Ready to explore opportunities in a specific basin? Check out our regional guides: Permian Basin Jobs, Eagle Ford Shale Jobs, North Dakota Bakken Jobs, and Marcellus Shale Jobs. Use our Cost of Living Comparer to compare locations side by side.
Frequently Asked Questions
Do oil and gas companies pay for relocation?
Many do, especially for experienced professionals and hard-to-fill positions. Relocation packages typically include moving expenses ($5,000-$15,000), temporary housing (30-90 days), and sometimes a signing bonus. Entry-level field positions rarely include relocation assistance. Always negotiate relocation support as part of your offer — it's a common and expected ask in the industry.
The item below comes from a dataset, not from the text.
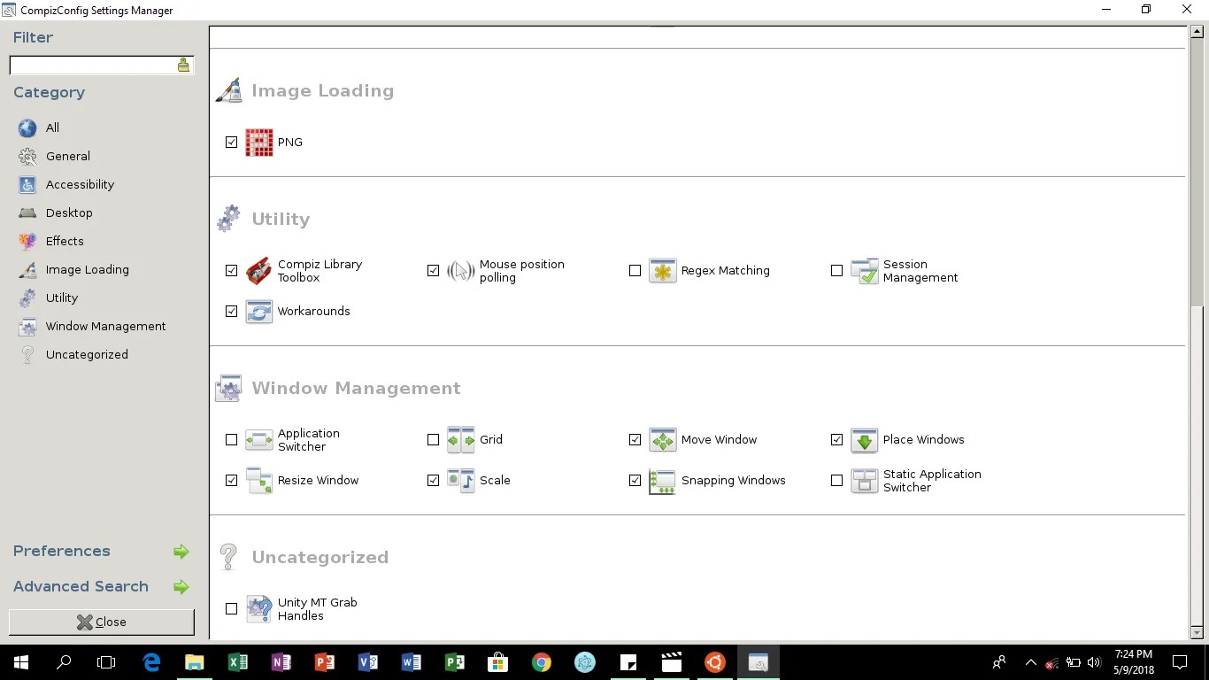 - When the Ubuntu desktop finishes installing, run the following command to open compiz:

What are the best cities to live in for oil and gas workers?
Houston, TX remains the industry capital with the most corporate and engineering positions. Midland-Odessa, TX offers the most field positions and highest field pay. Oklahoma City and Tulsa offer lower cost of living with strong job markets. Denver, CO is growing as an energy hub. Pittsburgh, PA serves the Marcellus Shale. Lafayette, LA is a hub for Gulf of Mexico operations. Your best city depends on your role and career goals.
Should I move to the oil field or do a long-distance commute?
It depends on your role and family situation. For rotation-based positions (14/14, 28/28), many workers choose to live where they want and fly or drive to the job site — companies often help with travel. For daily-commute positions like production operators, living within an hour of your well sites is usually necessary. Consider: housing costs in oil field towns can spike during booms, but so does the cost of maintaining two homes.